Supplied data:
[Start of section]

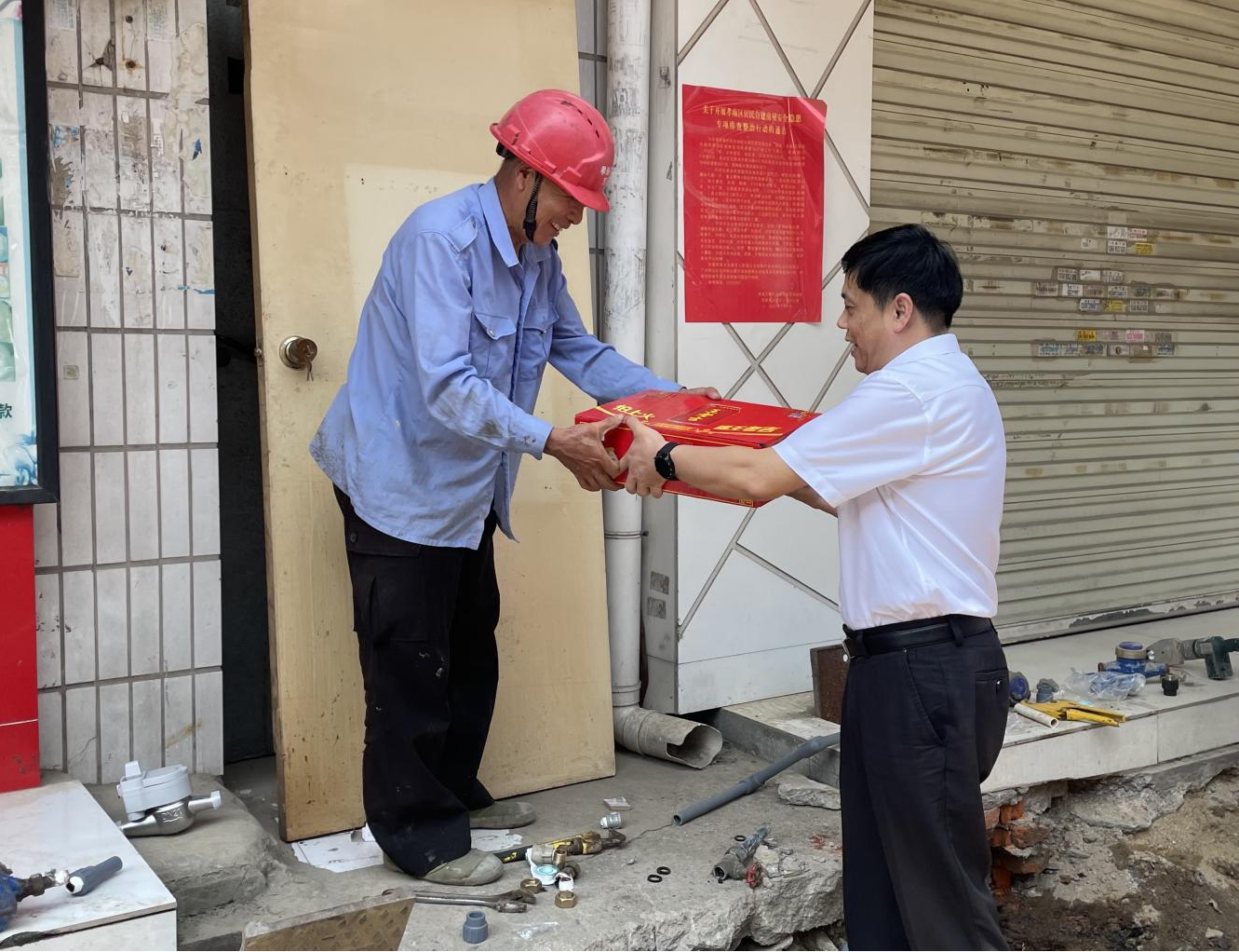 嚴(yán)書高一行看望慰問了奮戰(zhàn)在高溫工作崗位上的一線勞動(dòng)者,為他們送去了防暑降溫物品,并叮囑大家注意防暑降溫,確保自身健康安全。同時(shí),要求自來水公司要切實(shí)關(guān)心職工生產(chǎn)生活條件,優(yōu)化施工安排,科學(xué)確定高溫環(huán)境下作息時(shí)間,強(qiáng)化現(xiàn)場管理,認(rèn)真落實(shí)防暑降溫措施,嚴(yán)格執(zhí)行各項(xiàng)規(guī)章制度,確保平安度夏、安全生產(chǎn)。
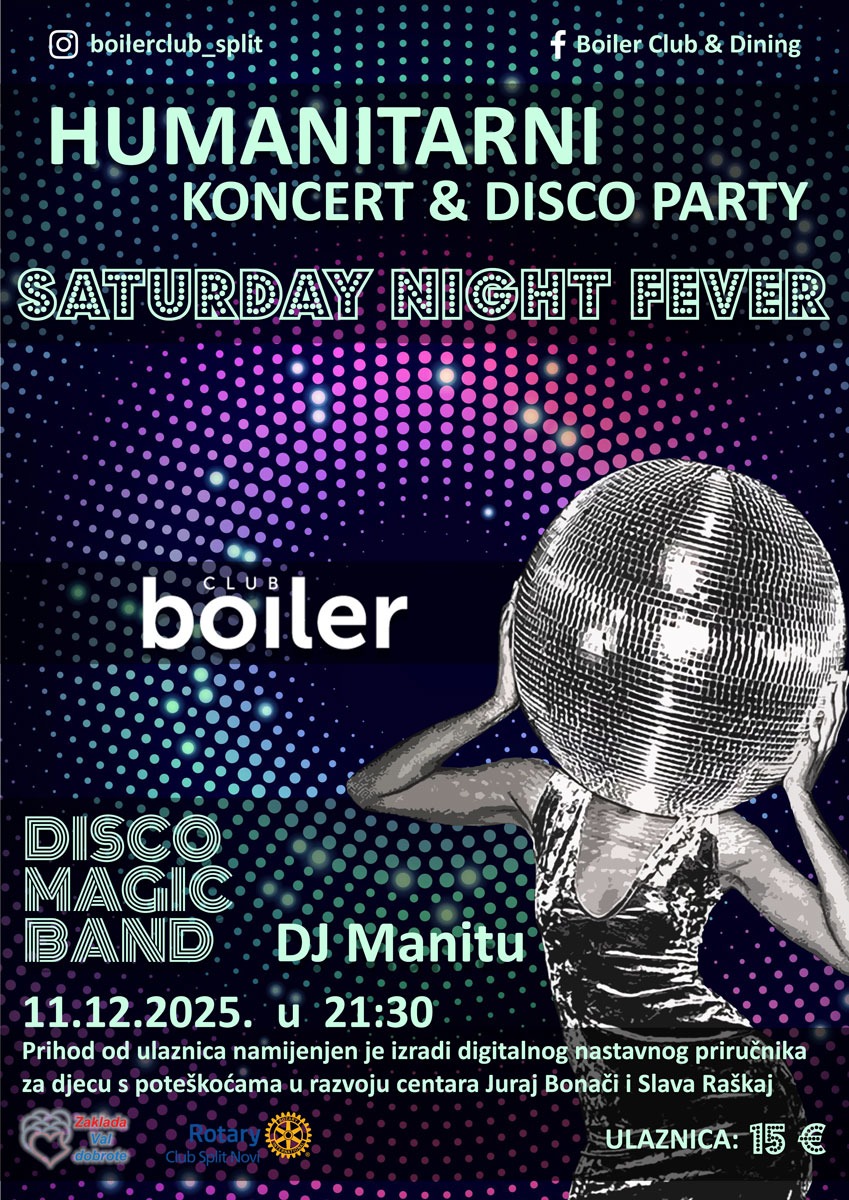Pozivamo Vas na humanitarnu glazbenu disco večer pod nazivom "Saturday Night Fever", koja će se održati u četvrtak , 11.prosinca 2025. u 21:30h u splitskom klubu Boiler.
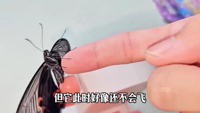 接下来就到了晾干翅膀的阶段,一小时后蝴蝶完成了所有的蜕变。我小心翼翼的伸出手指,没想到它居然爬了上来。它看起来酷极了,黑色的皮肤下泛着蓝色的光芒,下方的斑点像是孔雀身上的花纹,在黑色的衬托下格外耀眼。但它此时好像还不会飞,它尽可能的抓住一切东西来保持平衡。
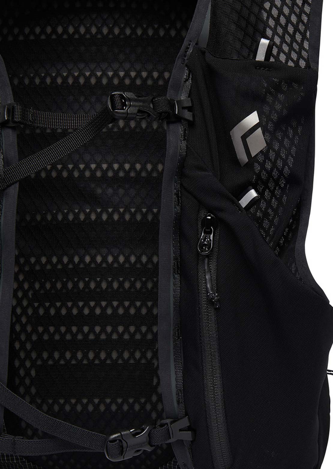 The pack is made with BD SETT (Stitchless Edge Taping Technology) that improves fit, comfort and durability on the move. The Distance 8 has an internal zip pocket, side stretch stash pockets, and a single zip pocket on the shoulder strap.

[End of section]

To do: What you give back should be the full material above, retyped exactly, with every image removed.

Solved problem:
 嚴(yán)書高一行看望慰問了奮戰(zhàn)在高溫工作崗位上的一線勞動(dòng)者,為他們送去了防暑降溫物品,并叮囑大家注意防暑降溫,確保自身健康安全。同時(shí),要求自來水公司要切實(shí)關(guān)心職工生產(chǎn)生活條件,優(yōu)化施工安排,科學(xué)確定高溫環(huán)境下作息時(shí)間,強(qiáng)化現(xiàn)場管理,認(rèn)真落實(shí)防暑降溫措施,嚴(yán)格執(zhí)行各項(xiàng)規(guī)章制度,確保平安度夏、安全生產(chǎn)。
Pozivamo Vas na humanitarnu glazbenu disco večer pod nazivom "Saturday Night Fever", koja će se održati u četvrtak , 11.prosinca 2025. u 21:30h u splitskom klubu Boiler.
 接下来就到了晾干翅膀的阶段,一小时后蝴蝶完成了所有的蜕变。我小心翼翼的伸出手指,没想到它居然爬了上来。它看起来酷极了,黑色的皮肤下泛着蓝色的光芒,下方的斑点像是孔雀身上的花纹,在黑色的衬托下格外耀眼。但它此时好像还不会飞,它尽可能的抓住一切东西来保持平衡。
 The pack is made with BD SETT (Stitchless Edge Taping Technology) that improves fit, comfort and durability on the move. The Distance 8 has an internal zip pocket, side stretch stash pockets, and a single zip pocket on the shoulder strap.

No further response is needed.